The specific action taken by the kernel depends on the value stored in a register (usually X16) and potentially other arguments passed in general-purpose registers. The system call #0x80 is normally used in mach-o systems for normal supervisor calls.

_start: mov #0, op_number   ; Set up op type
        ...                 ; Sets up input params and calls other blocks
        svc #0x80           ; Supervisor call

Here, the first section of the program is done, thus printing the string with the following parameters:

• X0 = 1 Writes to STDOUT
• X1 = &helloworld Output what is on the address of helloworld
• X2 = hellolen Output hellolen bytes starting from &helloworld.

The printing is done, but valid return status should be given. Therefore

mov X0, #0

Was called, which set the first argument to 0. Here, the first argument will be used later as an exit code.

mov X16, #1

Told the kernel that the system operation should be exit, and therefore X0 should be intepreted as the exit code.

svc #0x80

Called a SVC, which gracefully ended the program.

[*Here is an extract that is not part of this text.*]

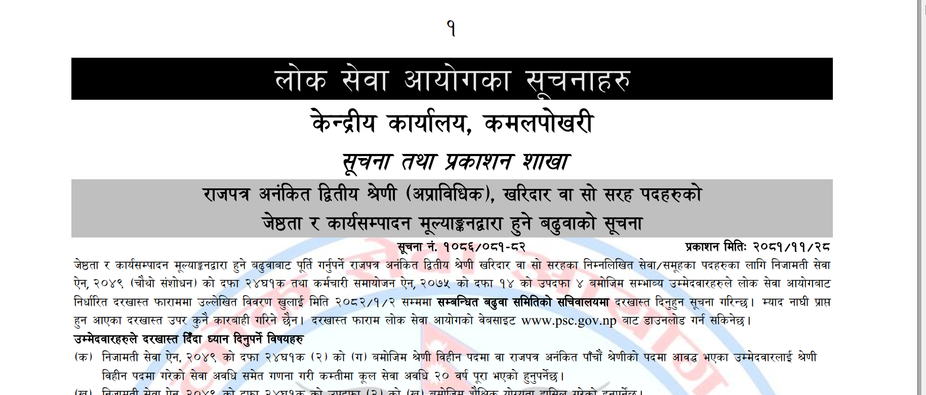 निजामती र संघीय संसद सेवाका रा.प.अनं. द्वितीय श्रेणी (अप्राविधिक), खरिदार वा सो सरह पदको विज्ञापन

as helloworld.s -o helloworld.o     # Assemble the code
ld -o helloworld helloworld.o -lSystem -syslibroot `xcrun -sdk macosx --show-sdk-path` -e _start -arch arm64    # Link the source code

If you see any permission issues whilst running, execute

chmod +x helloworld

Now, run the program.

./helloworld.exec
Hello World!

Congrats on your first Hello to the AArch64 Mach-O ASM World!